En clase de religión, el cura de turno (no recuerdo si fue el curita joven que luego se salió o el viejo de sotana que aguantó como un jabato), nos pidió que escribiéramos una oración. Y yo, por la tarde, escribí dos largos folios que más que un rezo parecía un espiritual afroamericano, oigan, con una estrofa que se repetía como estribillo y me parece que hasta alguna rima en asonante. Hasta con música, recuerdo la historia.

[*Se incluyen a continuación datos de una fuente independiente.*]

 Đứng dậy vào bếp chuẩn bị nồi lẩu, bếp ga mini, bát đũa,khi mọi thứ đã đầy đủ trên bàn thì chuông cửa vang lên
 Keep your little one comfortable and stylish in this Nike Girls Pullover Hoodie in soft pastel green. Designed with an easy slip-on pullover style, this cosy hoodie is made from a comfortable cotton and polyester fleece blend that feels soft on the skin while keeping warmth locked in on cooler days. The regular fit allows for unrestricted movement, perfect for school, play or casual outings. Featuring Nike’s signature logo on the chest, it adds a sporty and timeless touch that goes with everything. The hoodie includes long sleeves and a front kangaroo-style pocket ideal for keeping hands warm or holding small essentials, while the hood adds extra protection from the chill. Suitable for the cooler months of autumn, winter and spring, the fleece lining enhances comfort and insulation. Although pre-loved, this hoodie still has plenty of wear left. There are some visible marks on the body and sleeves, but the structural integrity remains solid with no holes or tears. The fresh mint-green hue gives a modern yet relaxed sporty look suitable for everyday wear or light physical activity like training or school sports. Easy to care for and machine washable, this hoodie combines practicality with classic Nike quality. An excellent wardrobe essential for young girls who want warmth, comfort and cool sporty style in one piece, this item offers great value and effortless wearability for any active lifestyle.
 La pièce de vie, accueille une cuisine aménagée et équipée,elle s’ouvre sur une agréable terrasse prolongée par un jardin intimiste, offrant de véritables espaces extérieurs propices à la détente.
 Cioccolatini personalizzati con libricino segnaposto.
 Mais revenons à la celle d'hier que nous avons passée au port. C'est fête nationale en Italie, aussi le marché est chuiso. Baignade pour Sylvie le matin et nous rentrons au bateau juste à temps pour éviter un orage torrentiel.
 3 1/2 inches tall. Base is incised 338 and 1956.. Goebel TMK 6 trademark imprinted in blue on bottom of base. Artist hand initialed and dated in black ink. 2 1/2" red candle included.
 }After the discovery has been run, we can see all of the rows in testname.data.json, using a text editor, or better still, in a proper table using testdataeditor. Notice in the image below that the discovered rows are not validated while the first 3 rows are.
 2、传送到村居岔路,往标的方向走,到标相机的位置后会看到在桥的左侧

Cuando llegó la hora de leer la oración, todos mis compañeros entregaron una cosita así como para salir del paso, tres o cuatro líneas de poco calado literario, por no decir ningún calado. Como las oraciones breves donde los americanos dan gracias antes de meter la cuchara en el plato.
Entonces yo no había desarrollado aún mi instinto arácnido (Spider-Man entraría en mi vida dos años más tarde), pero comprendí que si yo leía mi largo gospell iba a hacer el ridículo. Al cura le encantaría (o no, cinco años más tarde uno de ellos no se creyó un trabajo de religión que sí hice de mi puño y letra y me suspendió porque insistía que lo había copiado; el suceso se cuenta en Lágrimas de luz, por cierto), así que en menos que canta un gallo escribí una oración de cinco líneas para camuflarme y no poner el mingo.
Luego, ya de mayor, he escrito siempre como me ha dado la gana, y lo que me ha dado la gana. Quizá por eso no me como una rosca literariamente. Se ve que no aprendí aquella lección que yo mismo me enseñé a los diez años.